Saved data entries
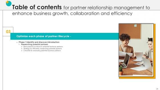 You will save yourself your energy and hours of time when you choose to use this impactful PowerPoint Deck. This Partner Relationship Management To Enhance Business Growth Collaboration And Efficiency Ppt Slide has been tailor-made to your business needs which ensures that you will always be prepared for that next meeting. Worry can not touch you when you present in your area of expertise using this PPT Template Bundle. With a modern design and easy to follow structure, this PowerPoint Presentation has one hundred three slides, which ensures that you can cover you need to without much work. Create your next presentation using this PPT Theme to deliver a memorable performance. Our Partner Relationship Management To Enhance Business Growth Collaboration And Efficiency Ppt Slide are topically designed to provide an attractive backdrop to any subject. Use them to look like a presentation pro.
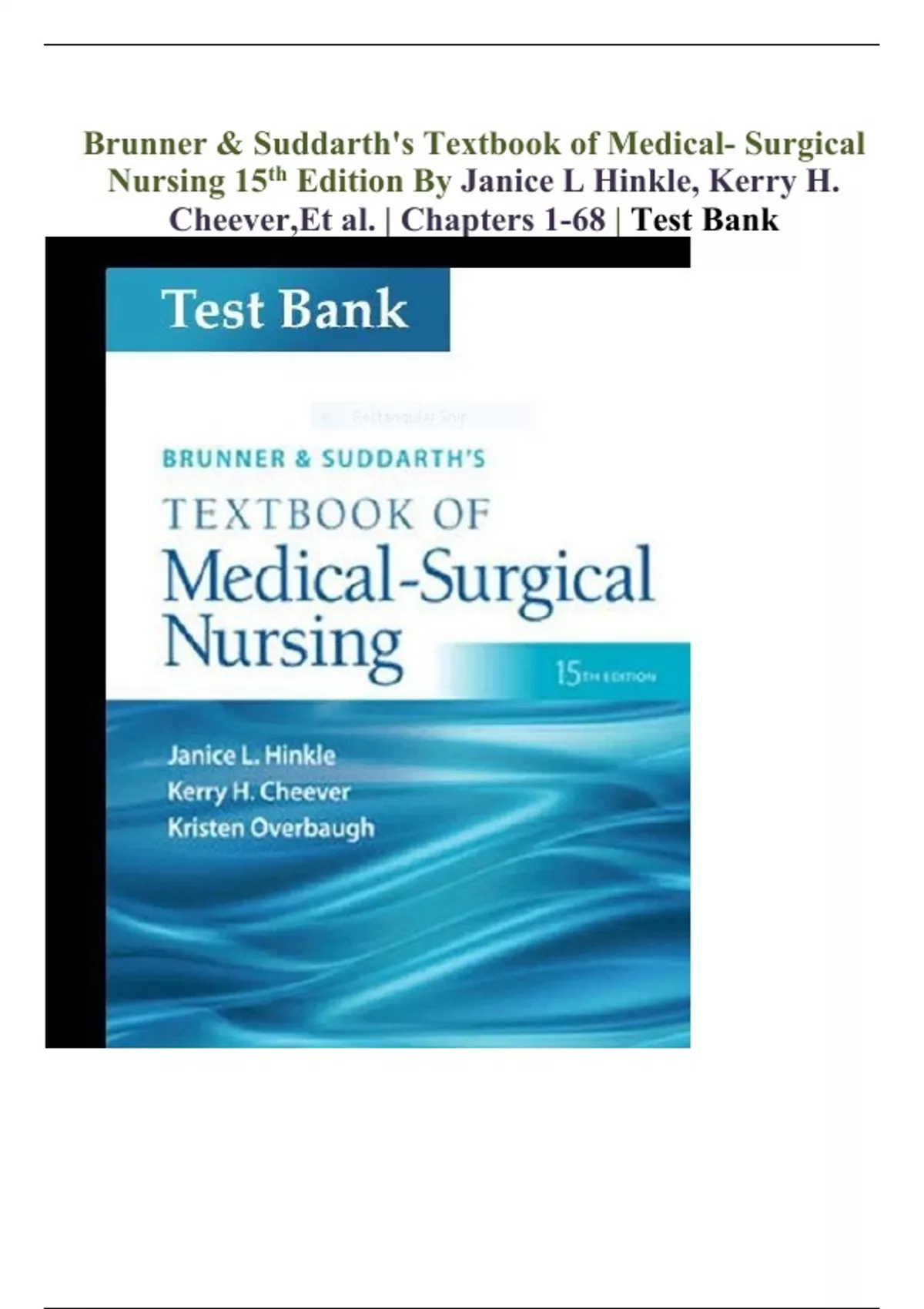 Brunner & Suddarth's Textbook of Medical-Surgical Nursing 15th Edition By Janice L Hinkle, Kerry Test Bank - Q&A with Rationale (Graded A+) - 2024 Version
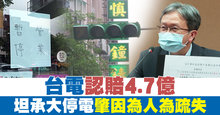 台電認賠4.7億 坦承大停電肇因為人為疏失
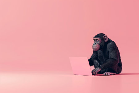 A monkey is sitting on a pink background and using a laptop. Concept of curiosity and intelligence, as the monkey appears to be engaged in a task that is typically associated with humans
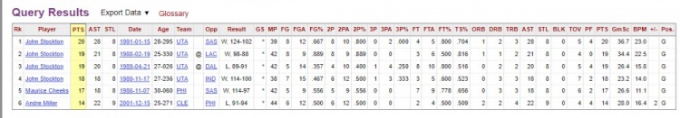 在NBA歷史上,只有三名球員在送出17次助攻的同時送出8次搶斷,分別是斯托克頓(4次),奇克斯(1次)、安德烈-米勒(1次)。
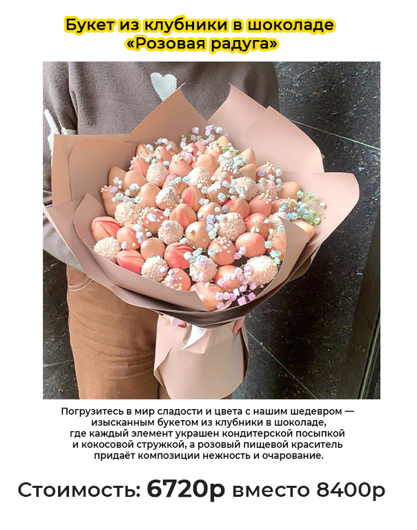 • Букет из клубники в шоколаде «Розовая радуга» - 6720 руб. вместо 8400 руб. (Купон за 299 руб.)

# PROBLEM DESCRIPTION
For this exercise, print all of the entries exactly as they appear, but without pictures.

# RESULT
 You will save yourself your energy and hours of time when you choose to use this impactful PowerPoint Deck. This Partner Relationship Management To Enhance Business Growth Collaboration And Efficiency Ppt Slide has been tailor-made to your business needs which ensures that you will always be prepared for that next meeting. Worry can not touch you when you present in your area of expertise using this PPT Template Bundle. With a modern design and easy to follow structure, this PowerPoint Presentation has one hundred three slides, which ensures that you can cover you need to without much work. Create your next presentation using this PPT Theme to deliver a memorable performance. Our Partner Relationship Management To Enhance Business Growth Collaboration And Efficiency Ppt Slide are topically designed to provide an attractive backdrop to any subject. Use them to look like a presentation pro.
 Brunner & Suddarth's Textbook of Medical-Surgical Nursing 15th Edition By Janice L Hinkle, Kerry Test Bank - Q&A with Rationale (Graded A+) - 2024 Version
 台電認賠4.7億 坦承大停電肇因為人為疏失
 A monkey is sitting on a pink background and using a laptop. Concept of curiosity and intelligence, as the monkey appears to be engaged in a task that is typically associated with humans
 在NBA歷史上,只有三名球員在送出17次助攻的同時送出8次搶斷,分別是斯托克頓(4次),奇克斯(1次)、安德烈-米勒(1次)。
 • Букет из клубники в шоколаде «Розовая радуга» - 6720 руб. вместо 8400 руб. (Купон за 299 руб.)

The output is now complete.